Thursday, July 05, 2007
blogger shake
Wednesday, July 04, 2007
are you kidding me? (part ii)
Tuesday, July 03, 2007
cleaning out
My favorite lines are, "This means allowing myself to feel a sudden hatred for objects I’ve been moving around for years. I spend the day muttering."
Barn Cleaning
by Verlyn Klinkenborg
I begin with the premise that the barn will never be clean. It has a dirt floor, and hay is always sifting down from the loft. Swallows have nested over the light fixtures, the chipmunks are everywhere and someone has dug a very proud hole under the wall near the horse tank. I can’t make it clean, but I can recover some territory. I’m not a real farmer, but I have a real farmer’s hoarding instinct — the belief that the thing I’m about to throw out will be just the thing I need down the road. Right now I’m trying to keep myself from throwing out a rubber feed pan that one of the horses has pawed a hole in. I have no idea what I would ever use it for, but that isn’t really the point. It isn’t a matter of knowing, looking forward. It’s a matter of not regretting, looking back.

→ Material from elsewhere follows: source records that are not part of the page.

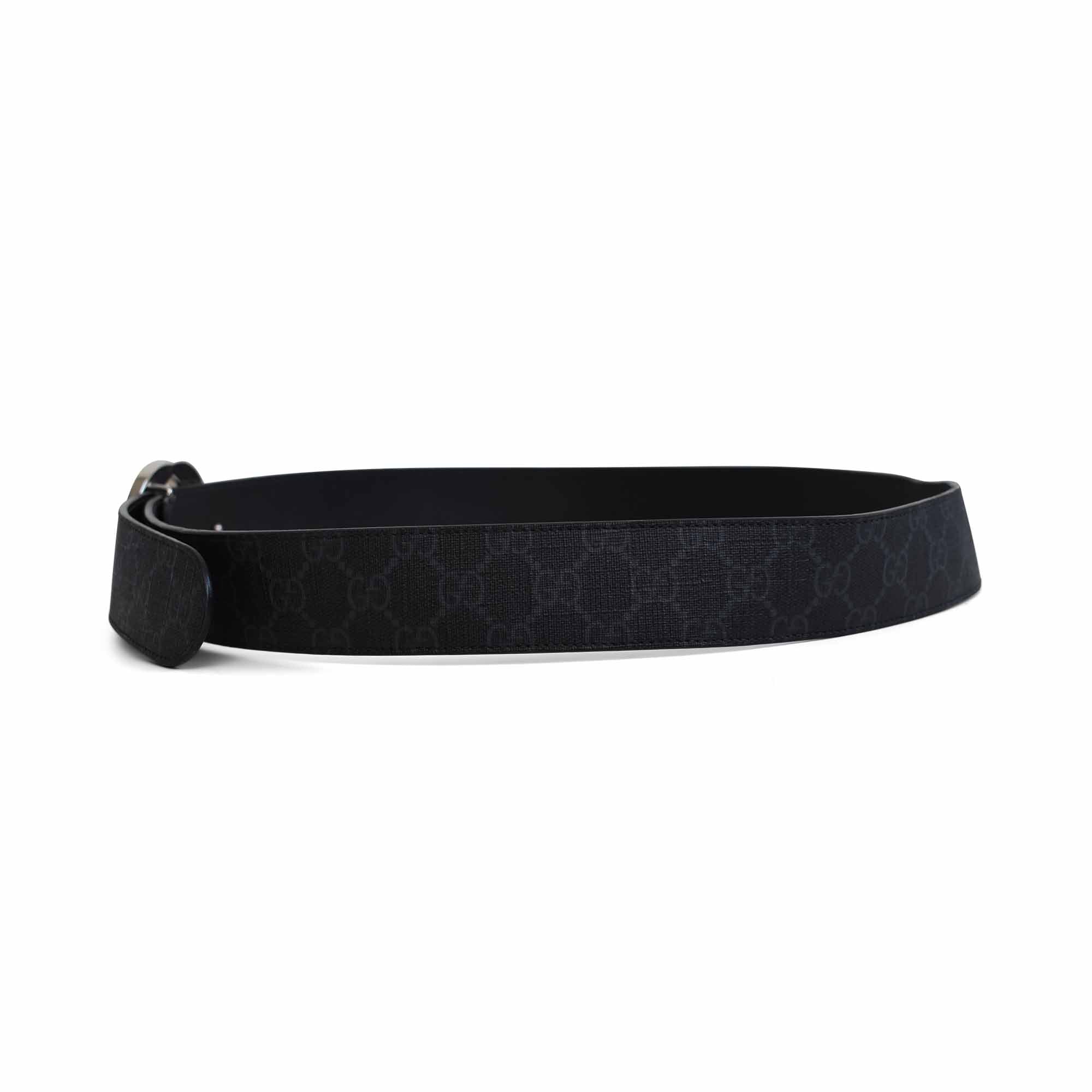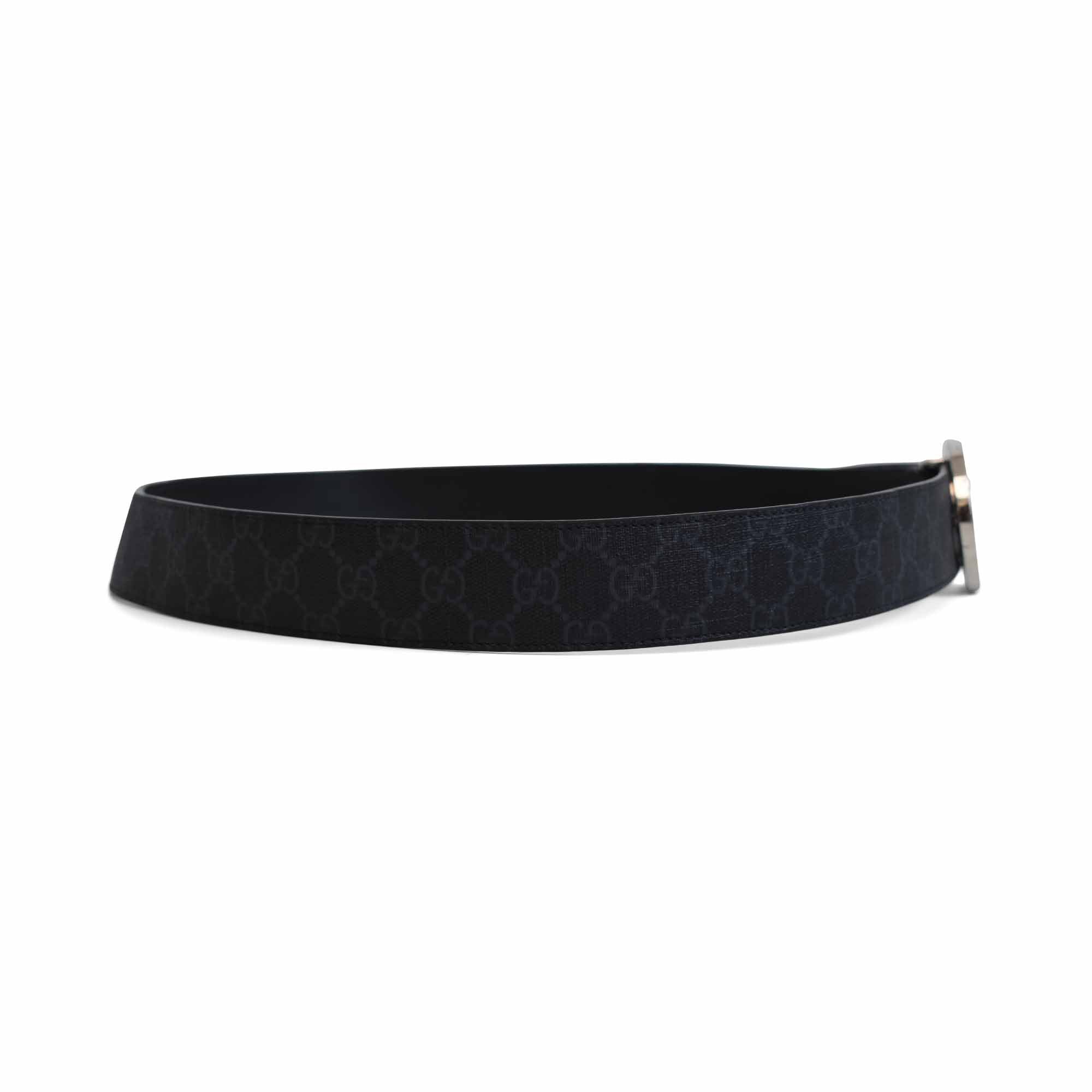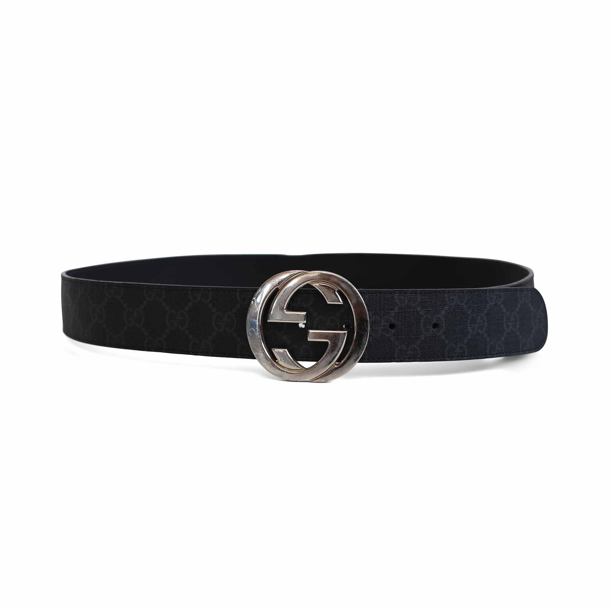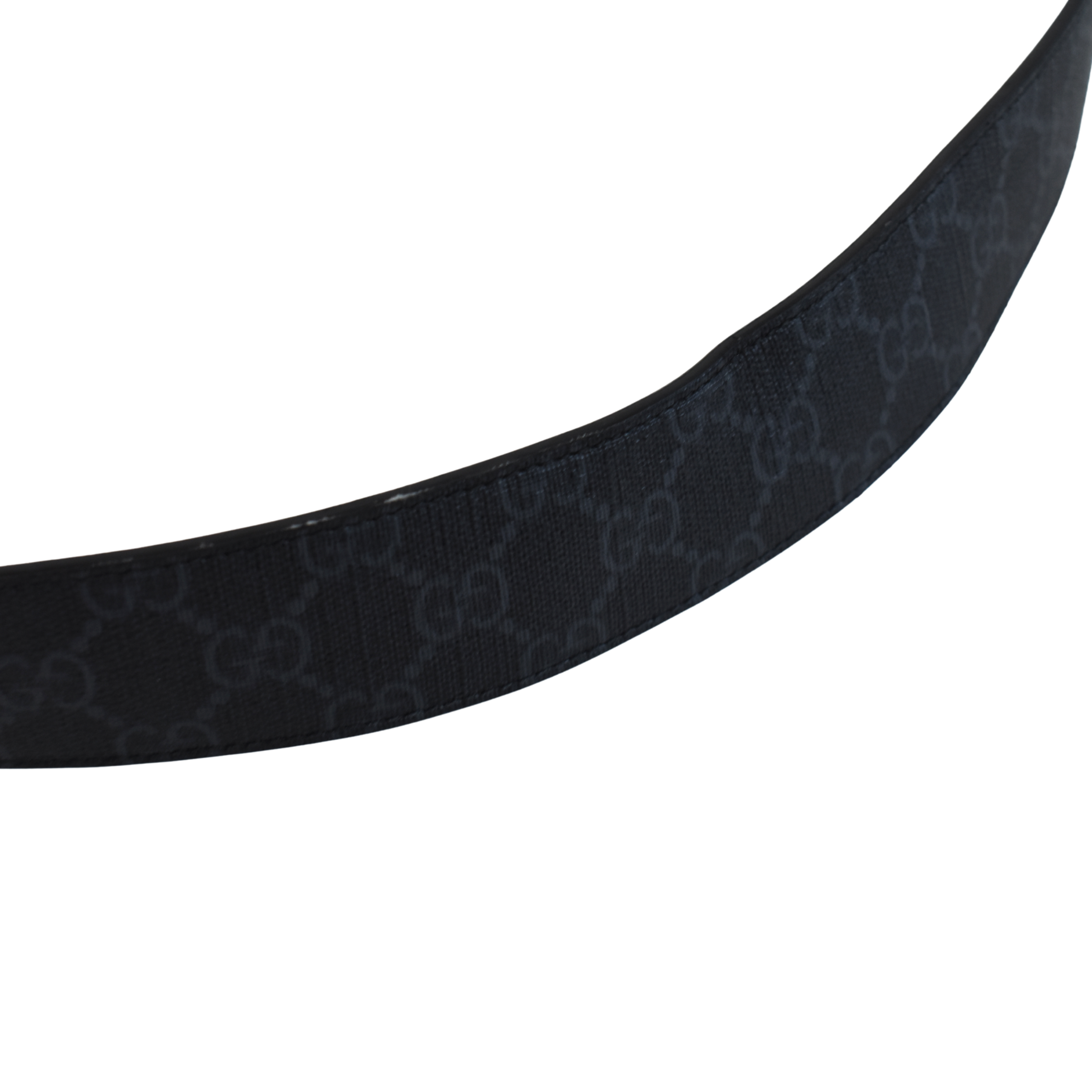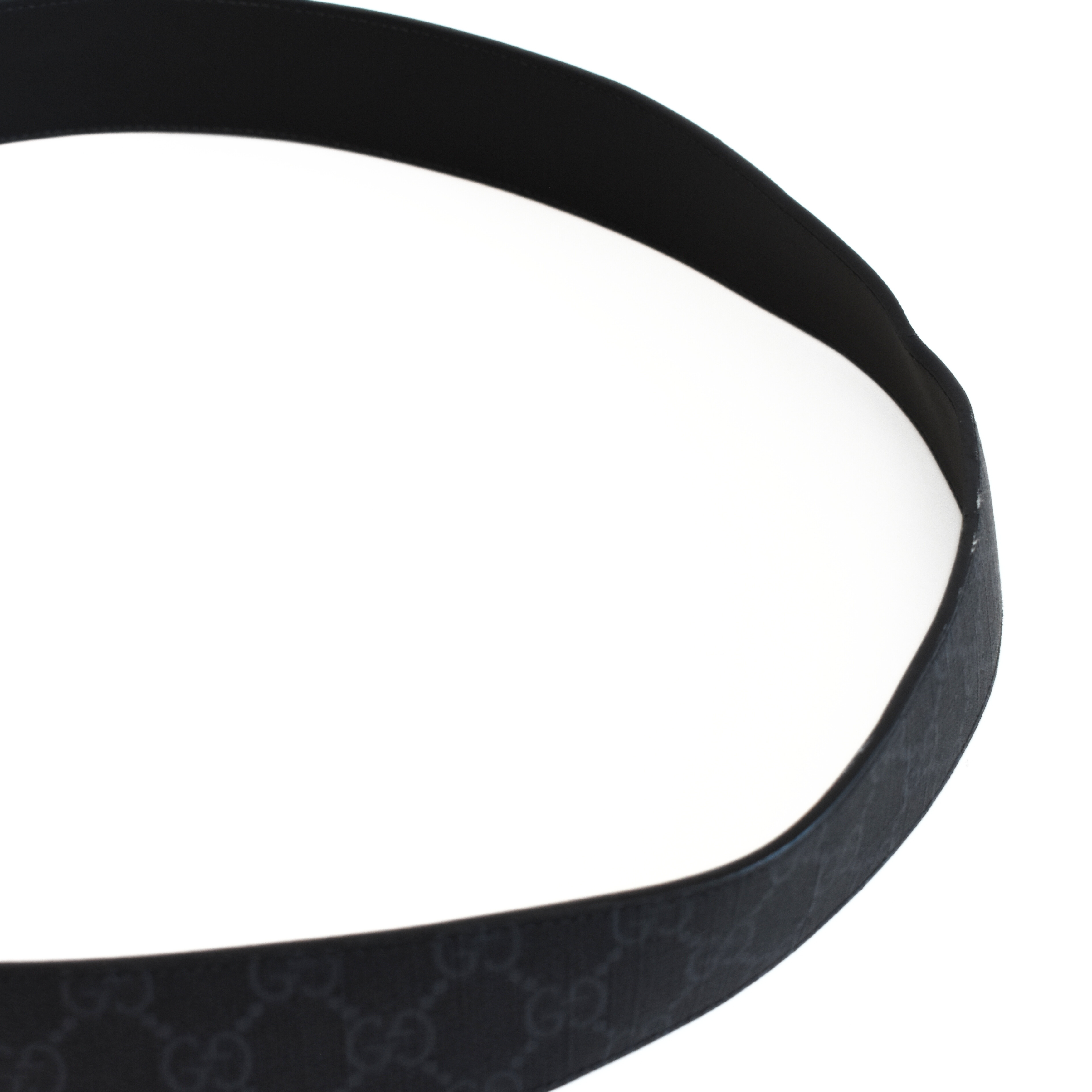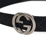 Gucci belt in black and grey 'GG Supreme' coated canvas with a black leather interior and a silver 'interlocking G' buckle.
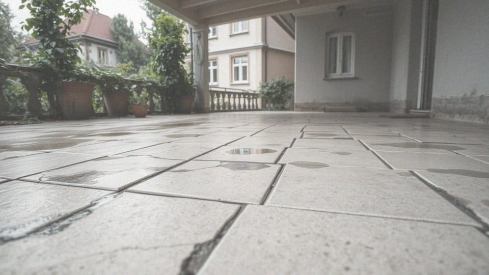 - zastoiny wody na tarasie, które nie powinny mieć miejsca, powinny wzbudzić niepokój,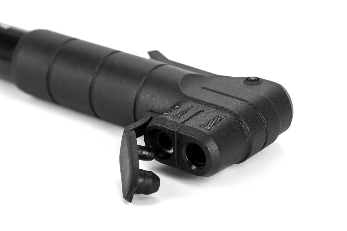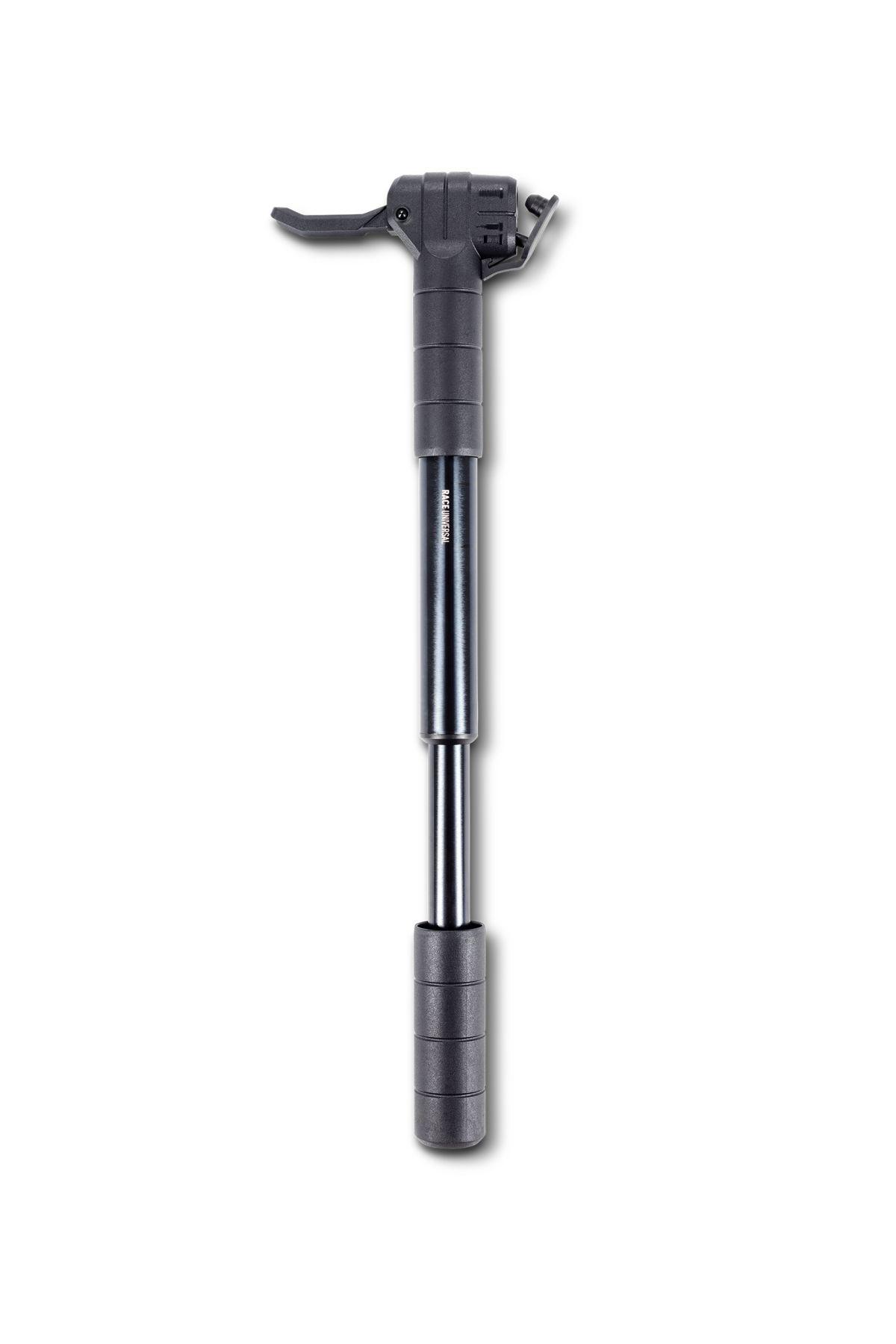 Eine Pumpe für alle Fälle und alle Ventile! Die Race Universal ist mit Presta-, Schrader- und Dunlop-Ventilen kompatibel und sorgt schnell für volle Reifen bis zu einem Druck von 100 psi.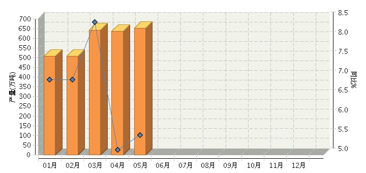 中国轻工业经济运行及预测预警系统监测显示:2016年1月~5月,全国塑料制品行业规模以上企业累计完成产量2,936.67万吨,同比增长6.48%。其中:5月份完成产量651.34万吨,同比增长5.5%。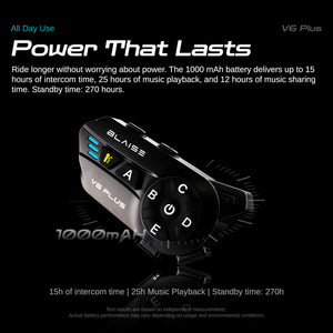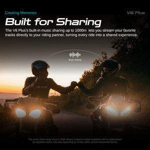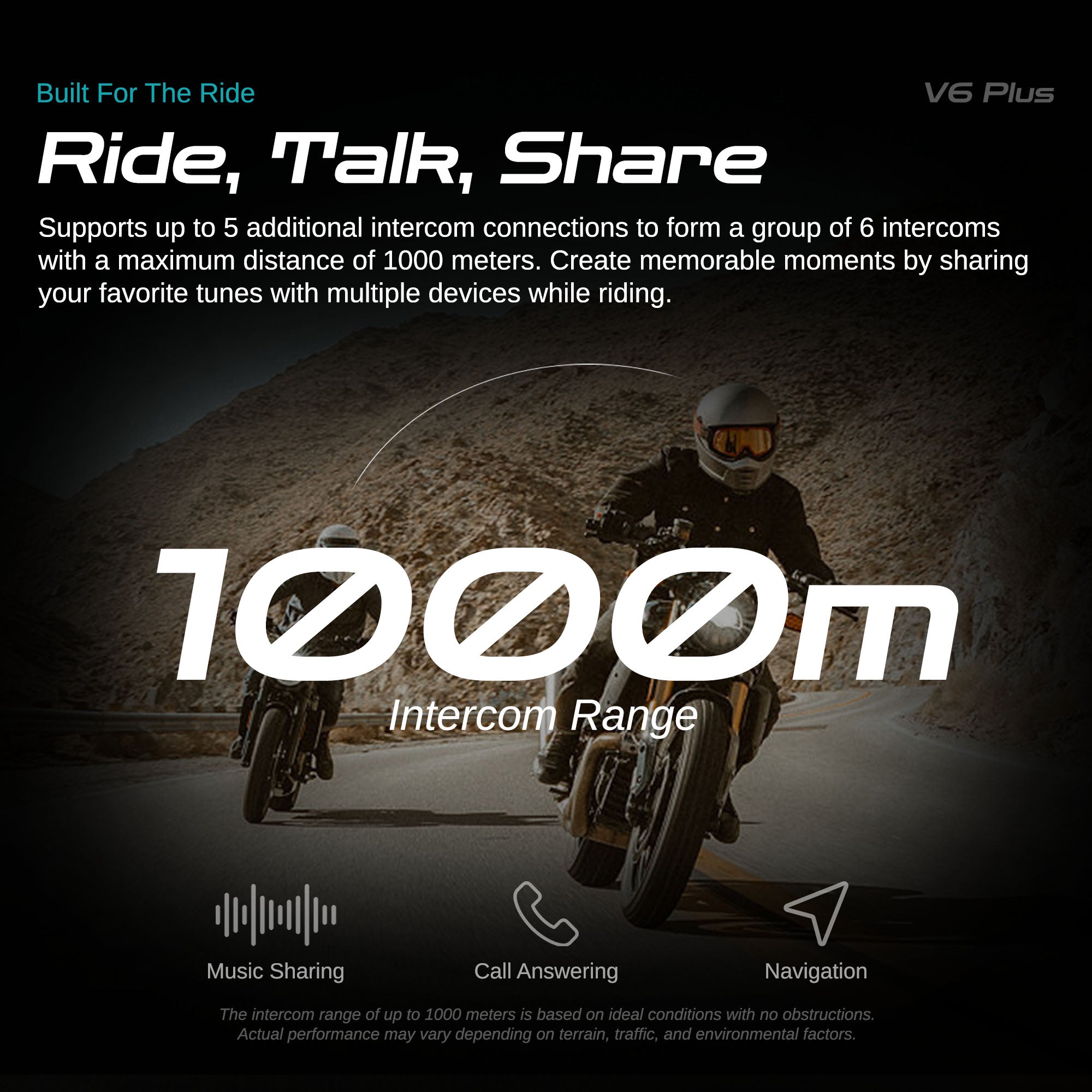 Supports up to 5 additional intercom connections to form a group of 6 intercoms with a maximum distance of 1000 meters. Create memorable moments by sharing your favorite tunes with multiple devices while riding.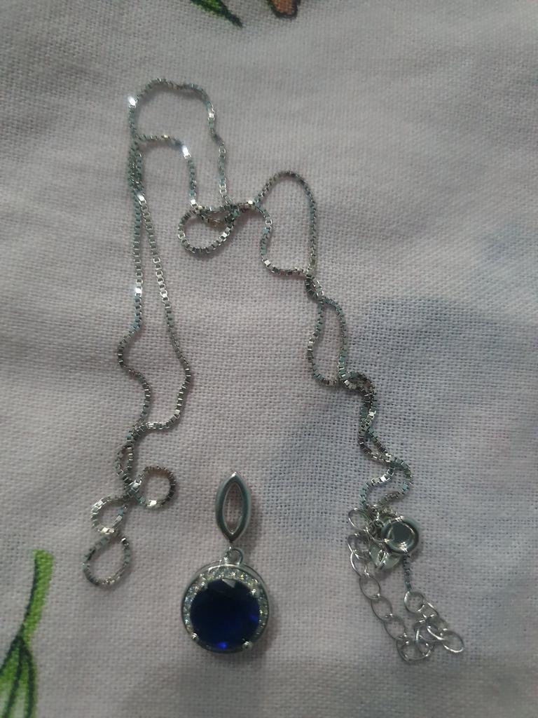 UMCHO Blue Sapphire Round Pendants Necklaces For Women Chain Link Charm Jewelry Gemstone Gift With Box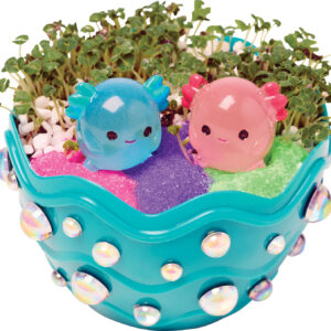 Your kit comes complete with everything you need to grow your own Axolotl-themed mini garden, including potting mix, seeds, stickers, decorative sand and two glow-in-the dark axolotl figurines.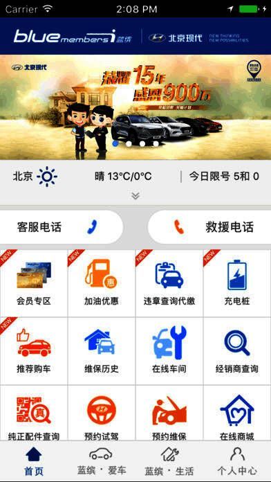 北京现代bluemembers APP是由北京现代蓝缤品牌为更好地服务广大车主推出的,具有众多特色服务的APP,包含预约维保、预约试驾、充电桩查询缴费、加油优惠、违章查询代缴等功能。认证车主用户,即可获取签到送积分、24小时道路救援服务、途家会员权益等尊享服务,更可享积分商城最高八折惊喜优惠。北京现代bluemembers APP致力于为每一位用户提供高效、便捷、个性化的用车生活体验。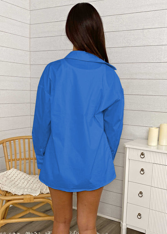 Oversized Striped Long Sleeve Button Down Shirt & Short Set

But what I regret right now is all this junk, and so I’m cleaning the barn. This means allowing myself to feel a sudden hatred for objects I’ve been moving around for years. I spend the day muttering. I tear apart an old tool bench I have loathed all this time. I throw out the previous owner’s electric waterers and the 8-foot yard hydrant with the bend in the middle and the plastic tarps that are full of holes. I see with some clarity the limits of my character and, in a sense, the limits of my life. I love the gratification of fixing what is broken, but it takes a certain kind of breaking for me to be able to do any good. I am never going to be able to weld in a hay barn.
I stop sometimes to watch the swallows fly through the barn or to admire the fact that all the sockets are now in one place. I pretend that I will know in a week where I put everything today. I spend a moment or two admiring the dried up litter of immature mice I found in a drawer. And I finally admit to myself that a half-decomposed box of books that has lived in the barn for a decade has lost its place in civilization. So I load the books one by one — Derrida’s “Of Grammatology,” Frye’s “The Great Code,” even my old copy of Heidegger’s “Being and Time” — into the tractor bucket with a great wad of used baling twine. The burn pile or the Dumpster? That is an easy question. The books flutter down from the bucket on high onto an old hayrack on the floor of the Dumpster. I try to decide if I will have to answer for this someday.